Вступление чётко и точно названо — «Очерк работы».

Всё началось в тридцать шестом году. Отдыхая в санатории под Ленинградом, Каверин случайно встретился там с одним молодым учёным — человеком трудной судьбы и высоких человеческих качеств. Завязались добрые отношения, и однажды этот молодой учёный стал рассказывать Каверину историю своей многосложной жизни. Рассказ длился шесть вечеров кряду, и краткие записи его легли в основу повести, которая заключала в себе в зачаточном состоянии будущих «Двух капитанов», а точнее говоря, характер и биографическую канву младшего из капитанов — Сани Григорьева.

Повесть написана была залпом в течение трёх месяцев, но как-то, по-видимому, не вполне удалась, и напечатать её не представлялось возможным. На время она была отложена, однако в следующем году Каверин вернулся к ней, и уже с более широкими планами большого романа.

Но для большого романа не хватало материала. Какой же ещё материал, кроме истории жизни нового знакомца Каверина, ставшего его другом, должен был дополнительно войти в книгу? Указующими в этом направлении являются слова самого Каверина в «Очерке работы» о том, что «роман писался в конце тридцатых годов, принёсших Советской стране огромные, захватывающие воображение победы в Арктике».

Арктический материал захватил воображение и автора будущего романа. Но что выбрать из громадного материала истории завоевания Арктики? Каверин остановился на тысяча девятьсот двенадцатом и примыкавших к нему годах. Надо сказать, что двенадцатый год в истории русского полярного мореходства был особо героическим, и особо трагическим.

В конце лета того года отправились по разным маршрутам три русские полярные экспедиции: Георгия Брусилова, Владимира Русанова и Георгия Седова. Все трое погибли, прокладывая путь последующим завоевателям Арктики.

Этот героический и трагический материал и принялся осваивать Каверин, работая над своим романом. В конце концов из трёх действительных капитанов родился один, романический, — Иван Татаринов.

Но нельзя ли распознать поточней — который из трёх стал прототипом старшего каверинского капитана? Попробуем. Передо мной на столе брошюра Ф. Черняховского, автора многих книжек о выдающихся людях русского Севера, носящая название «Георгий Яковлевич Седов». На последней странице её я читаю: «Образ Ивана Татаринова в романе В. Каверина «Два капитана» выражает лучшие черты Георгия Яковлевича Седова».

Многие читатели, вероятно, думали и думают так же. Но так ли это на самом деле? И нельзя ли извлечь подтверждения этому из самого романа «Два капитана» или из источников, какими явно пользовался при написании романа его автор? Попробуем, и для начала давайте сличим некоторые детали действительной биографии и действительной истории экспедиции Георгия Седова с соответствующими деталями романической биографии и романической истории экспедиции Ивана Татаринова.

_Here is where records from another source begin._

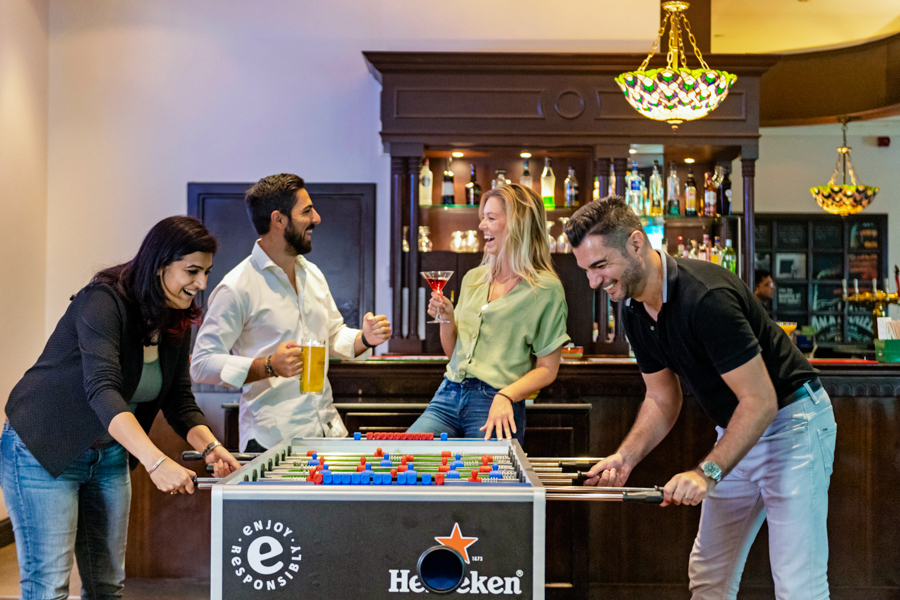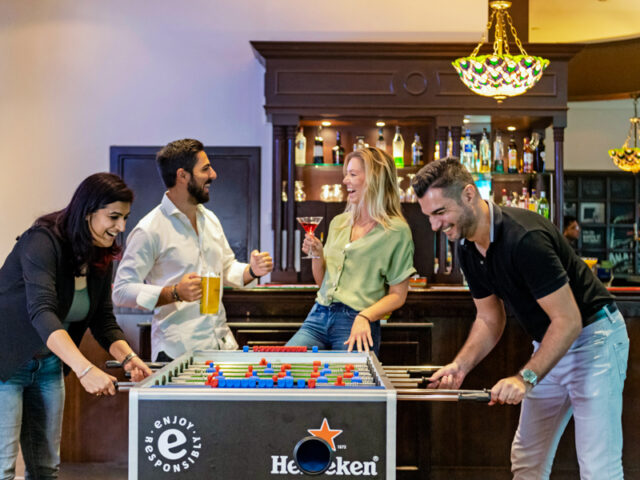 At Two Guineas, you can expect a warm and inviting atmosphere, designed to replicate the ambiance of a traditional English pub. The pub might feature classic wooden furnishings, a cozy bar area, and comfortable seating arrangements where patrons can relax and enjoy their time. As a sports pub, Two Guineas would likely have multiple screens or projectors strategically placed throughout the venue, ensuring that guests have a clear view of live sporting events. Whether it’s football, rugby, cricket, or other popular sports, the pub would prioritize providing a lively and engaging environment for sports enthusiasts to cheer for their favorite teams.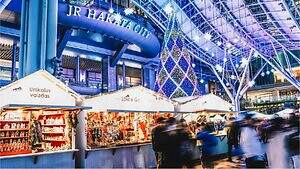 たくさんの人々でにぎわうクリスマスマーケットは、JR博多駅前広場をはじめ、福岡大丸エルガーラ・パサージュ広場、福岡市役所西側ふれあい広場、福岡タワー前 緑実広場、そして小倉の紫川親水広場・船場広場といった各スポットにて開催。煌めくツリーや幻想的なイルミネーションの中で、ホットワインなどのグルメやクリスマス雑貨のショッピングを楽しめる。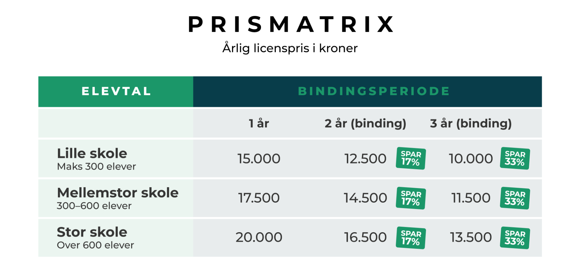 Alle licenser giver fuld adgang til ét gymnasiespil med ubegrænset brug af spillet, funktioner og deltagere.

Вот хотя бы один пример почти точного совпадения бывшего в действительности и романического. В дневнике одного из участников экспедиции и друга Седова так записана пятнадцатого февраля тысяча девятьсот четырнадцатого года сцена прощания больного цингой Седова с членами экспедиции и командой перед уходом со «Святого Фоки» на север, к полюсу: «Неистощимый рассказчик, выдумщик анекдотов и смешных историй, кумир команды... даже к работе приступающий не иначе, как с шуткой, Седов теперь выглядел другим...» И дальше: «... он несколько минут стоял с закрытыми глазами, как бы собираясь с мыслями, чтобы сказать последнее слово. Но вместо слов вырвался едва заметный стон, в углах сомкнутых глаз сверкнули слёзы...»

Так прощался со своими друзьями и соратниками, покидая «Святого Фоку», действительный, доподлинный, живой капитан и начальник экспедиции — Георгий Седов.

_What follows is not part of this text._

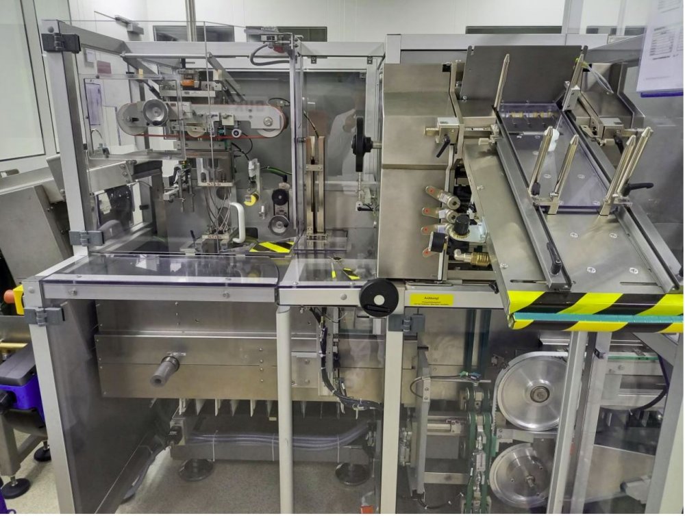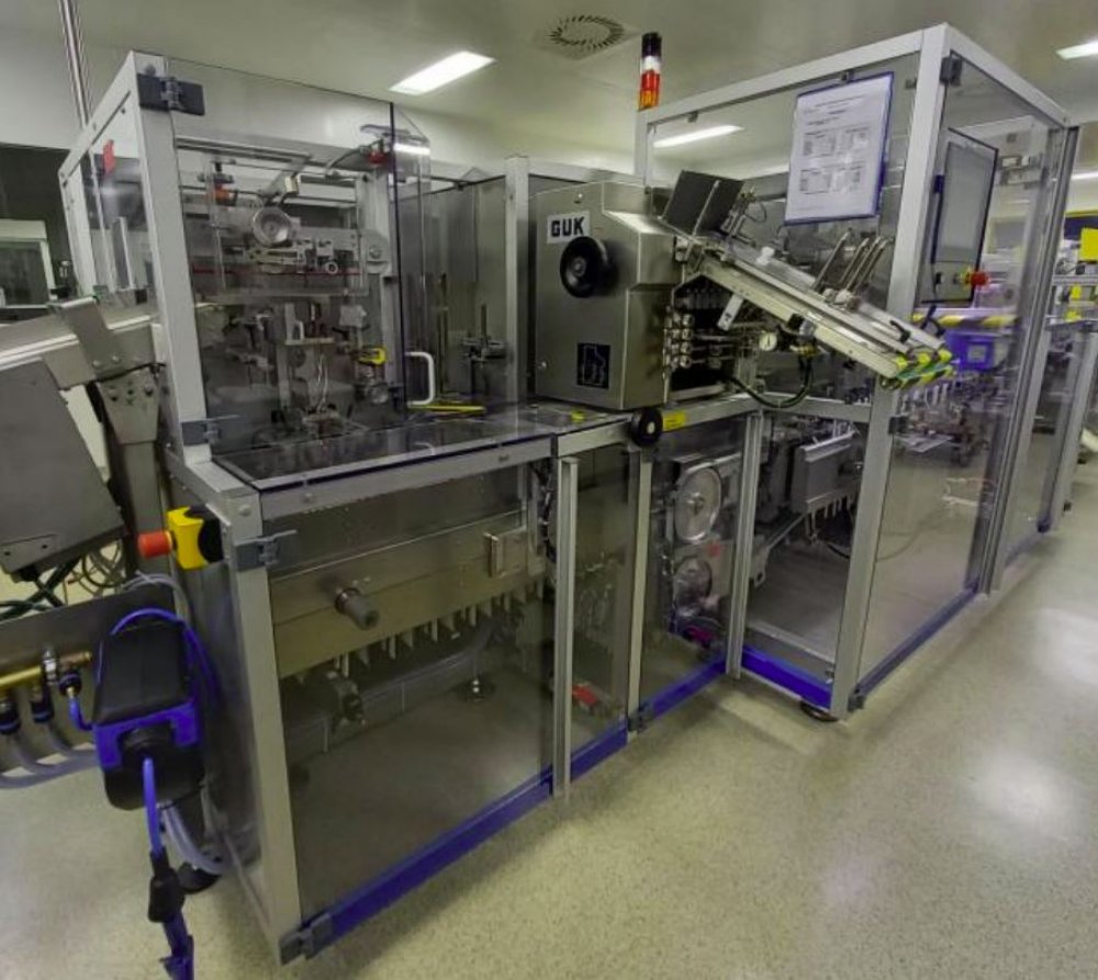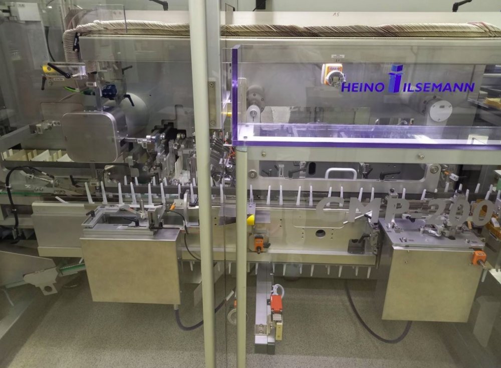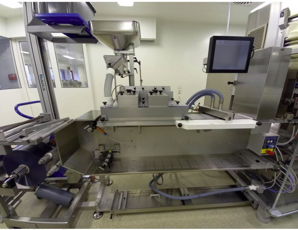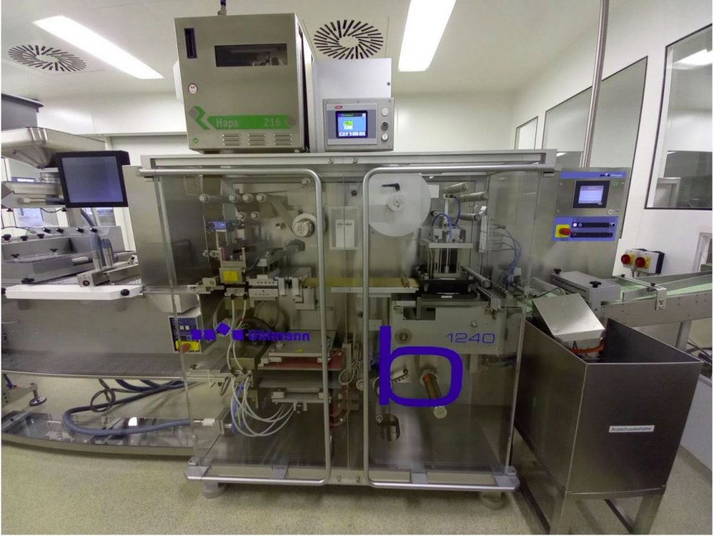 Esta línea está diseñada para la fabricación automática y para el llenado de tiras de blísteres con pastillas o grageas. para envasadora de blísteres Uhlmann B 1240 para blísteres de PVC/aluminio (año de fabricación 2005): Máx. 70 ciclos y 240 blísteres/min., ajustable de forma continua SimTap 2i: posicionador simultáneo de pastillas, año de fabricación: 2016 Cámara de control: Visiotec Visio Pan Aspiradora Nilfisk CTS 22, año de fabricación: 2013 Dispositivo de refrigeración KKT Kraus, año de fabricación: 2005 Impresora de film HAPA H216-I: anchura de film máx. 170 mm con imagen de impresión de 180 x 160 mm Datos técnicos: Superficie útil máx. del blíster: 130 x 156,5 mm Anchura de film máx.: 168 mm Profundidad de escudilla máx.: 24 mm Ø máx. rodillo de embutición profunda: 400 mm Ø máx. rodillo de film de recubrimiento: 240 mm Para máquina encartonadora Ilsemann CMP 200 con alimentación de blísteres (año de fabricación: 2015): Máx. 200 ciclos/min. (información del fabricante) Dispositivo alimentador y plegador de prospectos GUK Impresora Wolke m600 Se requiere aire comprimido externo. Disponible a partir de febrero de 2025.

А вот как выглядит при прощании с командой корабля романический капитан и начальник экспедиции Иван Татаринов в «Двух капитанах»: «... что общего с прежним... выдумщиком анекдотов и забавных историй, кумиром команды, с шуткой приступавшим к самому трудному делу... Он стоял с закрытыми глазами, как будто собираясь с мыслями, чтобы сказать прощальное слово. Но вместо слов вырвался чуть слышный стон и в углах глаз сверкнули слёзы».

Сравним в отрывках и самую прощальную речь Седова. В дневнике участника экспедиции записано, что, овладев собой, Седов «начал говорить сначала отрывочно, потом спокойнее... Трудами русских в историю исследования Севера вписаны важнейшие страницы, Россия может гордиться ими. Теперь на нас лежит ответственность оказаться достойными преемниками наших исследователей Севера... Мне хочется сказать вам не „прощайте", а „до свидания"».

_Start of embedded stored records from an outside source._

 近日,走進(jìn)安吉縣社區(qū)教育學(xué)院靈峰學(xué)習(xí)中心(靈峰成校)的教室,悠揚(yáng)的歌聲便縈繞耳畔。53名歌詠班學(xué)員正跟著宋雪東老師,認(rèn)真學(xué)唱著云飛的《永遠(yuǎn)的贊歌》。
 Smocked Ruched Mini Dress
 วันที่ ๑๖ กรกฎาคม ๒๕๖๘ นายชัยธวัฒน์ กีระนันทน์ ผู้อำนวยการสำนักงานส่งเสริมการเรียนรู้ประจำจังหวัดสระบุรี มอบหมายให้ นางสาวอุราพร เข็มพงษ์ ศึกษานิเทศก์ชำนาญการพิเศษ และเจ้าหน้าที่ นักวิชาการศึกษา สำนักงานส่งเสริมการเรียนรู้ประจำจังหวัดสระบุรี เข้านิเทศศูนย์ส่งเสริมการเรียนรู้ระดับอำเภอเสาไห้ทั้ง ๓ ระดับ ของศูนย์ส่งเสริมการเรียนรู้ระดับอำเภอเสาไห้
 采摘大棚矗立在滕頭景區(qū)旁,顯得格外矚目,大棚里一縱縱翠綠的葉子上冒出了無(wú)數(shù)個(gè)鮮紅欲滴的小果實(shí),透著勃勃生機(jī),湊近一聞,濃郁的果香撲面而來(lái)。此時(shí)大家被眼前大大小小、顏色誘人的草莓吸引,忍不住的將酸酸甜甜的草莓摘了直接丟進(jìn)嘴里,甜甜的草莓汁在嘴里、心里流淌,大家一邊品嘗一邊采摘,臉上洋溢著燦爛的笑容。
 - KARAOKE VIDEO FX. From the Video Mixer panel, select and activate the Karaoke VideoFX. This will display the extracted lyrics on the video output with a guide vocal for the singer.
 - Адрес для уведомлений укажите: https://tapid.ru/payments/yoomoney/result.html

А вот что читаем мы в соответствующем месте «Двух капитанов»: «Он заговорил сперва отрывисто, потом всё более спокойно... Трудами русских в истории Севера записаны важнейшие страницы, — Россия может гордиться ими. На нас лежит ответственность — оказаться достойными преемниками русских исследователей Севера... Мне хочется сказать вам не „прощайте", а „до свидания"».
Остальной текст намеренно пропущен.